Using modern optimization techniques, the design of natural-laminar-flow(NLF) airfoil and wing design in transonic and high Reynolds number flows have been made great progresses. Traditionally, there are two approaches: inverse design and direct optimization. The former one requires a well-prescribed target pressure distribution which can only be given by experienced experts, while the latter sometimes yields unexpected pressure distribution which is impractical. To avoid the above weaknesses, we propose the hybrid optimization strategy combining inverse design and direct optimization. The optimization strategy is expressed as a multiple-objective direct optimization problem with a weighted objective of two sub-objectives from inverse design and direct optimization, respectively. In this paper, the objective function related to inverse design is to minimize the sum of squares of pressure difference values from the target over the forepart of the airfoil upper surface; the objective function related to direct optimization is to minimize the total drag. To demonstrate the performance of the proposed strategy, two cases are carried out.
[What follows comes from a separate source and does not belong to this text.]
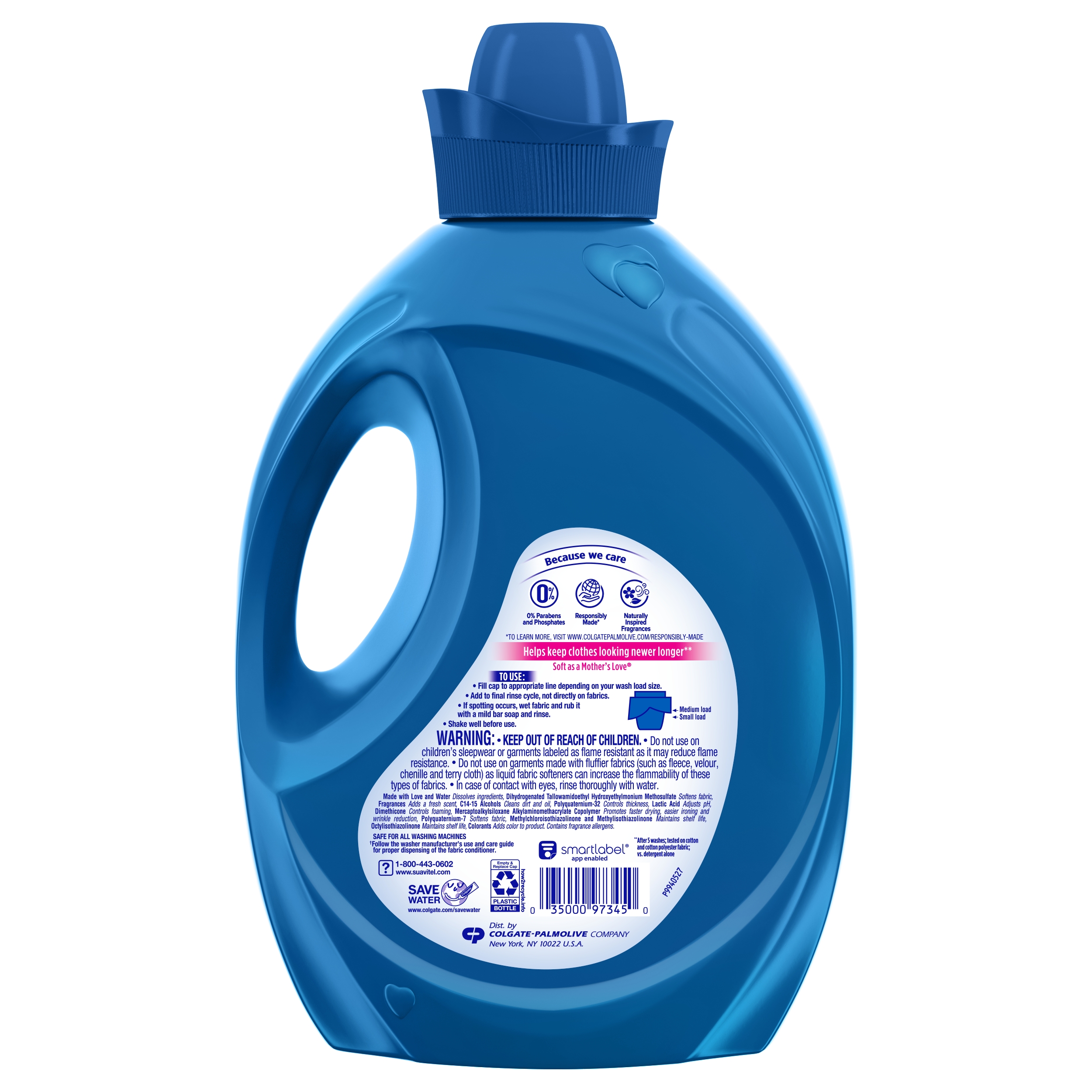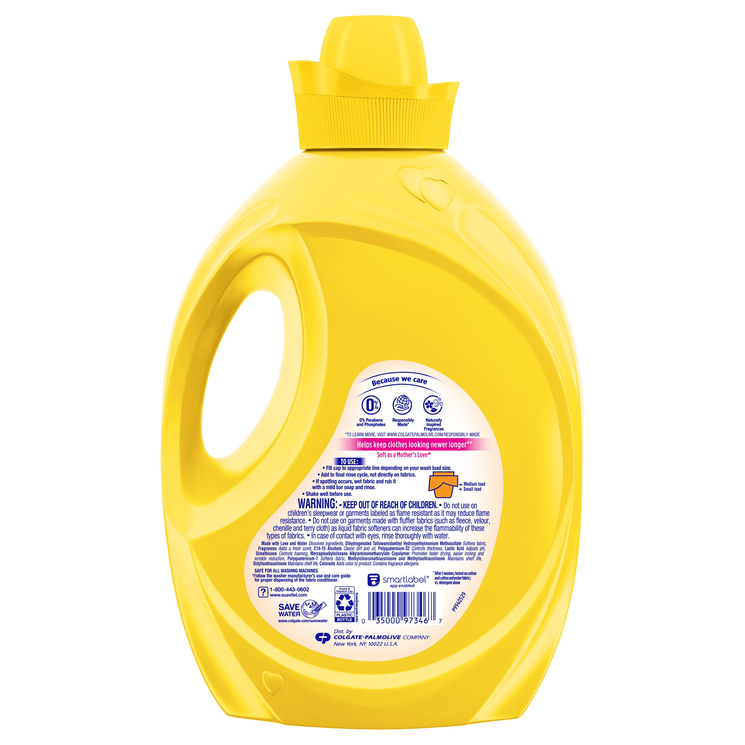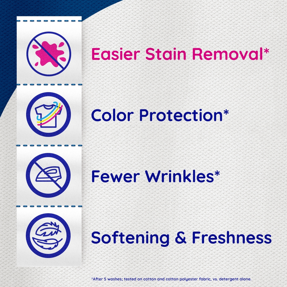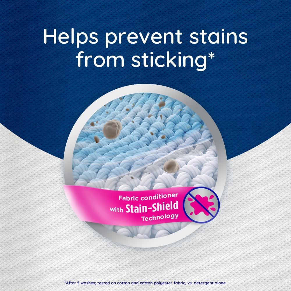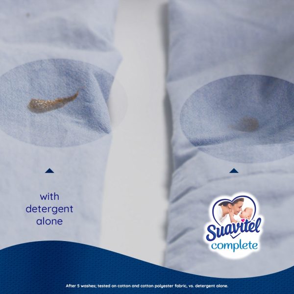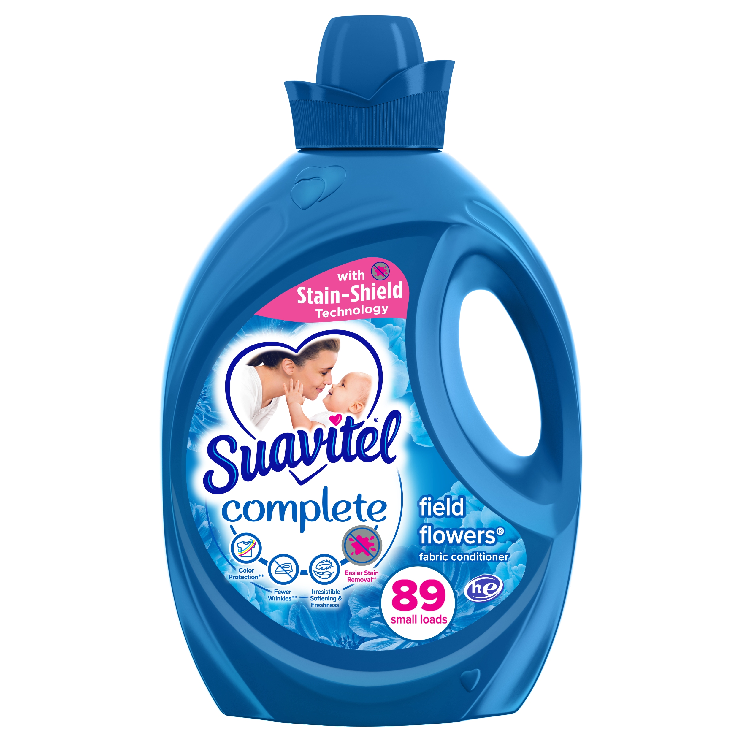 In today’s busy world, we could all use an easy way to care for clothes. Suavitel® Complete features Stain-Shield technology which builds an invisible shield on your clothes to help prevent stains from sticking, for easier removal when washed with detergent**. This liquid fabric softener also has technology that provides color protection** and fewer wrinkles**, all while delivering irresistible softening and freshness that you and your family will love. Suavitel® Complete helps keep clothes looking newer longer.** There’s enough liquid for 89 loads. This fabric softener is also compatible with regular and HE washing machines. **After 5 washes; tested on cotton and cotton polyester fabric; vs. detergent alone.

For case 1, a fine-design of NLF airfoil LSC72613 is conducted at Ma=0.72, Re=20million, α=0.52°. For case 2, an infinite wing with 25° swept angle is designed at Ma=0.78, Re=20million, α=0.7°. A surrogate-based optimizer, SurroOpt, is utilized for both cases. The in-house flow solvers PMNS2D/3D are used to simulate the flow around aerodynamic configurations and to evaluate the aerodynamic performances on the basis of Reynolds-averaged Navier-Stokes (RANS) equations. The computational fluid dynamics (CFD) solvers feature automatic transition prediction with linear-stability-theory-based eN method. Results show that the optimized airfoil and wing maintain long laminar flow region by keeping suitable favourable pressure gradient on the upper surface, while a relative weak shock wave is obtained.